# [Instructions for the task]
Below is a listing with pictures in it; transcribe exactly the lines from the one that has "#智商税避雷 #健康养生 |" through the one that has "Detay Abiye Elbise", and omit those pictures.

# [Provided information]
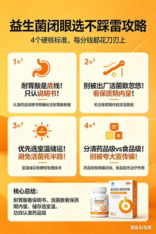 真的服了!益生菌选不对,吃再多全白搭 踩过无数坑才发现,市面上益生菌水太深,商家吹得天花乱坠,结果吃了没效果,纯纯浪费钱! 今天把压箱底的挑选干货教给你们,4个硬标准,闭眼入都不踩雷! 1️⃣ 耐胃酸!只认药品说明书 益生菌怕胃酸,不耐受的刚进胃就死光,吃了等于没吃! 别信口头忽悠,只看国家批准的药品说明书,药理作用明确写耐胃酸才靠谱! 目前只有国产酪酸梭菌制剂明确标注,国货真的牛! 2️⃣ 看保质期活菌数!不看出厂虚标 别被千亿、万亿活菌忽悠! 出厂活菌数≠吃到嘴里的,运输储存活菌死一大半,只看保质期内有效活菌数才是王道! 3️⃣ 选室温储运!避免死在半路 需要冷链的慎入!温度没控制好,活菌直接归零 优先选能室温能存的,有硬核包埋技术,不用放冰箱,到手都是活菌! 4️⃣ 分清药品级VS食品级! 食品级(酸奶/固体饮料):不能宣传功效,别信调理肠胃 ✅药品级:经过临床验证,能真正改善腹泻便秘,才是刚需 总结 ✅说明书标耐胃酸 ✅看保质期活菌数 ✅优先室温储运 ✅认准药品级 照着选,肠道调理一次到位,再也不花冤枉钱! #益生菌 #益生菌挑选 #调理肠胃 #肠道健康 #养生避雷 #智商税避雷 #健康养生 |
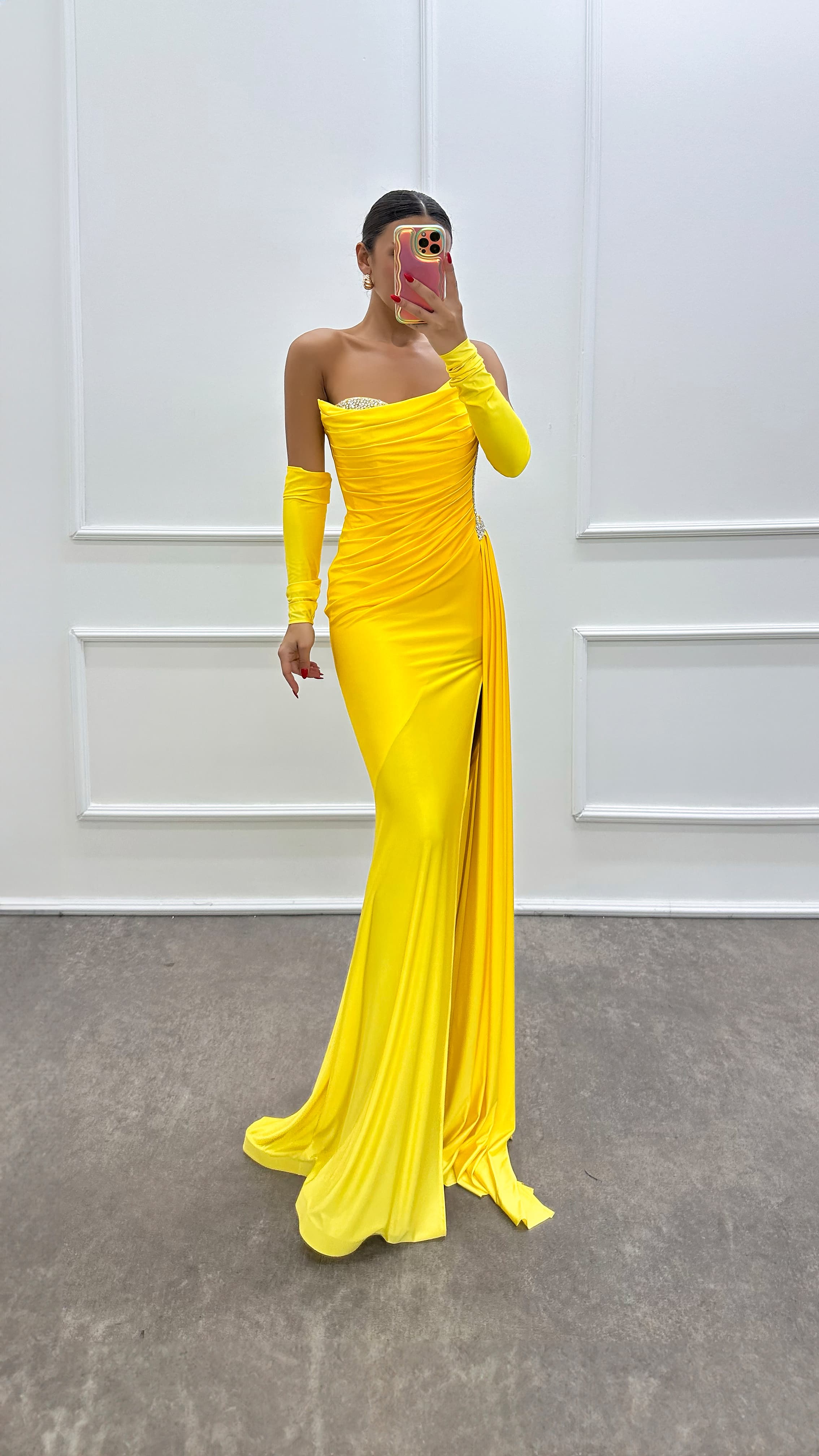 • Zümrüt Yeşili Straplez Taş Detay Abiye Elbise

...

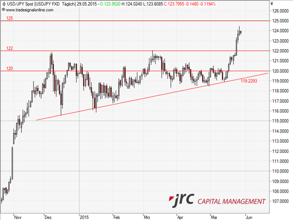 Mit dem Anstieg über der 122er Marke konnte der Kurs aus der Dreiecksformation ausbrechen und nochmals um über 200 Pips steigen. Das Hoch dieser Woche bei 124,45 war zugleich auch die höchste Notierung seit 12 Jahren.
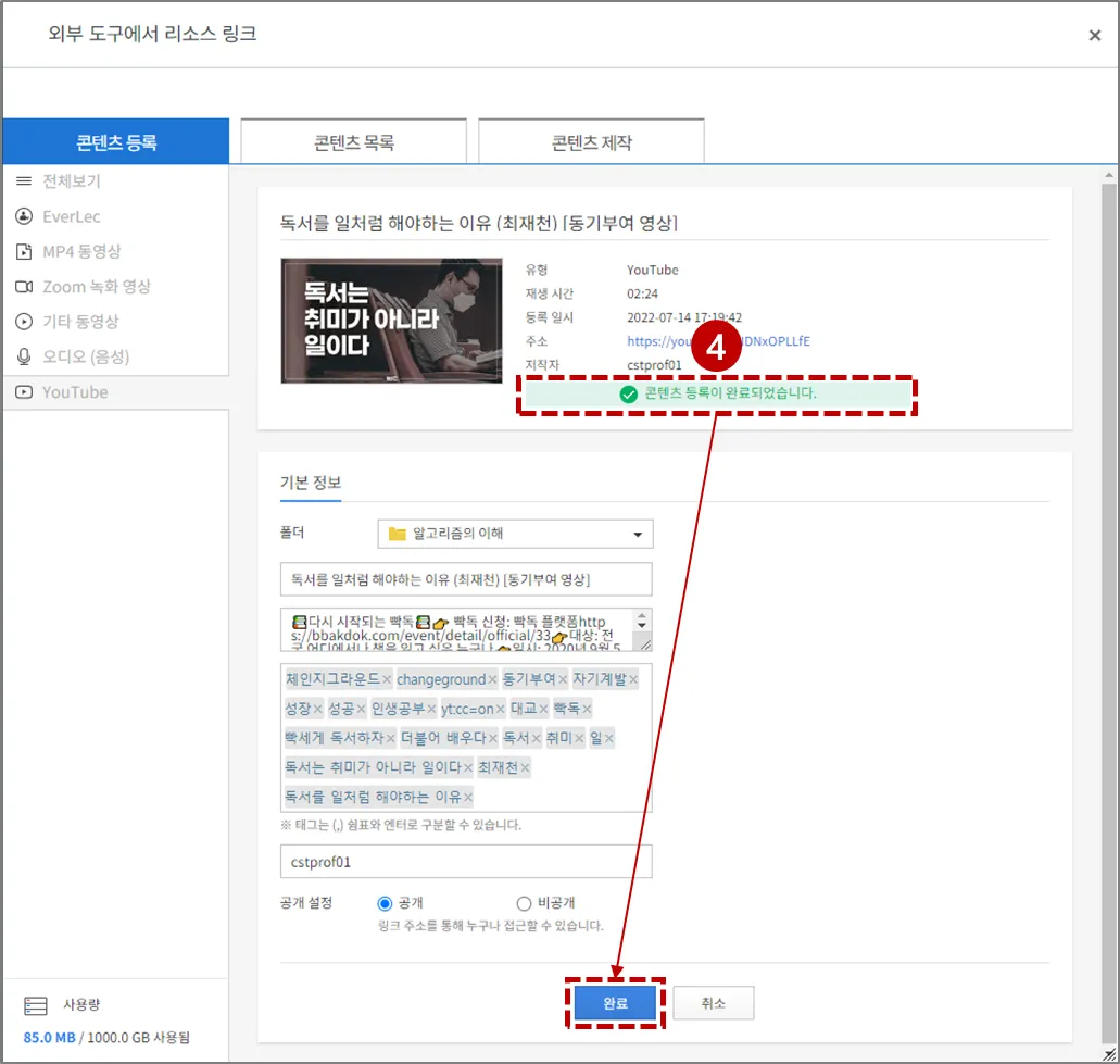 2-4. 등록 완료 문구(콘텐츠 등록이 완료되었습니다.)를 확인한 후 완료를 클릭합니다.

* * *

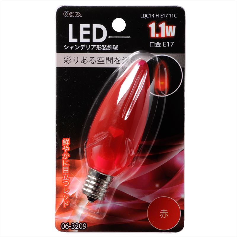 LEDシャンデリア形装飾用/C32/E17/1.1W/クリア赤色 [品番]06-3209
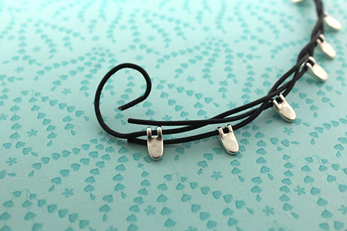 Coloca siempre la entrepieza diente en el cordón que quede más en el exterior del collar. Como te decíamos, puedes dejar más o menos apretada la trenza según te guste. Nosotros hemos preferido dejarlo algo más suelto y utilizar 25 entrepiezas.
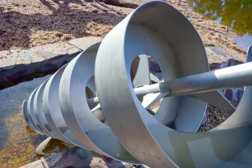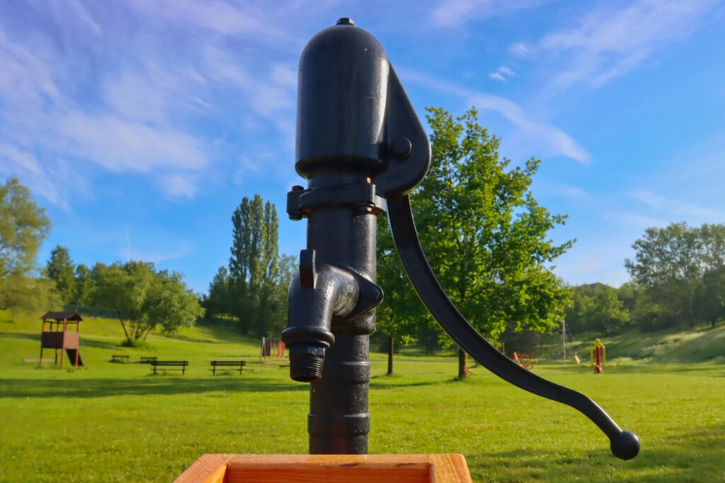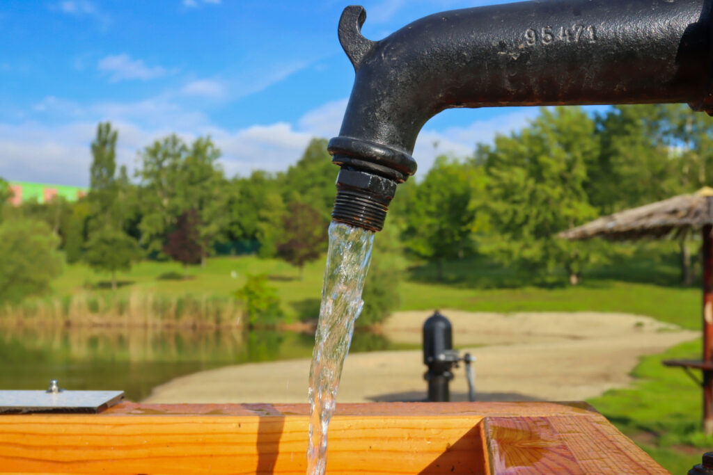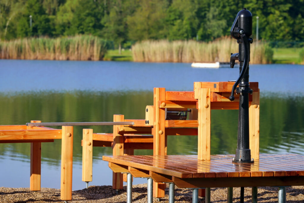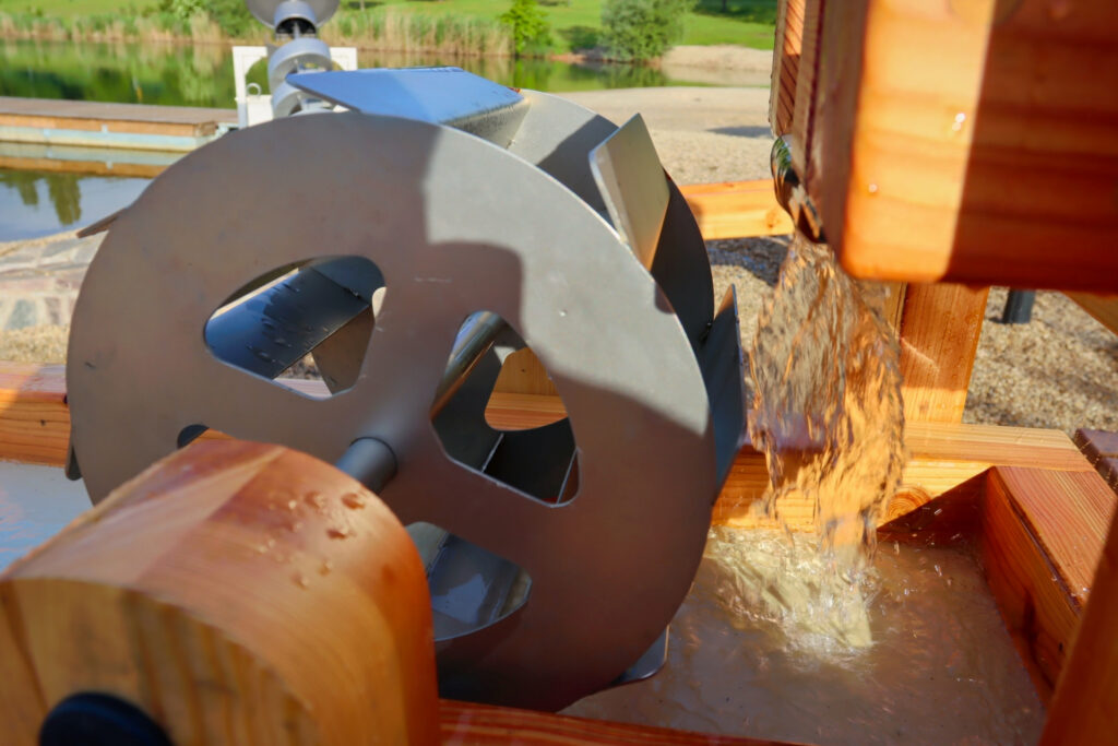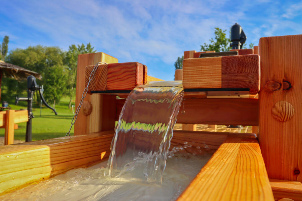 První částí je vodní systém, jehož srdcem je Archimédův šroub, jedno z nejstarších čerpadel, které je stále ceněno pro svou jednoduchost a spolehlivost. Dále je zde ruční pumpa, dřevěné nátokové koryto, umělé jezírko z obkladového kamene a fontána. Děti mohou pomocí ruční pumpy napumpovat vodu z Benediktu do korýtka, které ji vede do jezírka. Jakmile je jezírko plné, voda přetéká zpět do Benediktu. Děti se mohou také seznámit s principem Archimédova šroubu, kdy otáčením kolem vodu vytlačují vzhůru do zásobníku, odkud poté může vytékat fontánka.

# [Solution below]
 真的服了!益生菌选不对,吃再多全白搭 踩过无数坑才发现,市面上益生菌水太深,商家吹得天花乱坠,结果吃了没效果,纯纯浪费钱! 今天把压箱底的挑选干货教给你们,4个硬标准,闭眼入都不踩雷! 1️⃣ 耐胃酸!只认药品说明书 益生菌怕胃酸,不耐受的刚进胃就死光,吃了等于没吃! 别信口头忽悠,只看国家批准的药品说明书,药理作用明确写耐胃酸才靠谱! 目前只有国产酪酸梭菌制剂明确标注,国货真的牛! 2️⃣ 看保质期活菌数!不看出厂虚标 别被千亿、万亿活菌忽悠! 出厂活菌数≠吃到嘴里的,运输储存活菌死一大半,只看保质期内有效活菌数才是王道! 3️⃣ 选室温储运!避免死在半路 需要冷链的慎入!温度没控制好,活菌直接归零 优先选能室温能存的,有硬核包埋技术,不用放冰箱,到手都是活菌! 4️⃣ 分清药品级VS食品级! 食品级(酸奶/固体饮料):不能宣传功效,别信调理肠胃 ✅药品级:经过临床验证,能真正改善腹泻便秘,才是刚需 总结 ✅说明书标耐胃酸 ✅看保质期活菌数 ✅优先室温储运 ✅认准药品级 照着选,肠道调理一次到位,再也不花冤枉钱! #益生菌 #益生菌挑选 #调理肠胃 #肠道健康 #养生避雷 #智商税避雷 #健康养生 |
 • Zümrüt Yeşili Straplez Taş Detay Abiye Elbise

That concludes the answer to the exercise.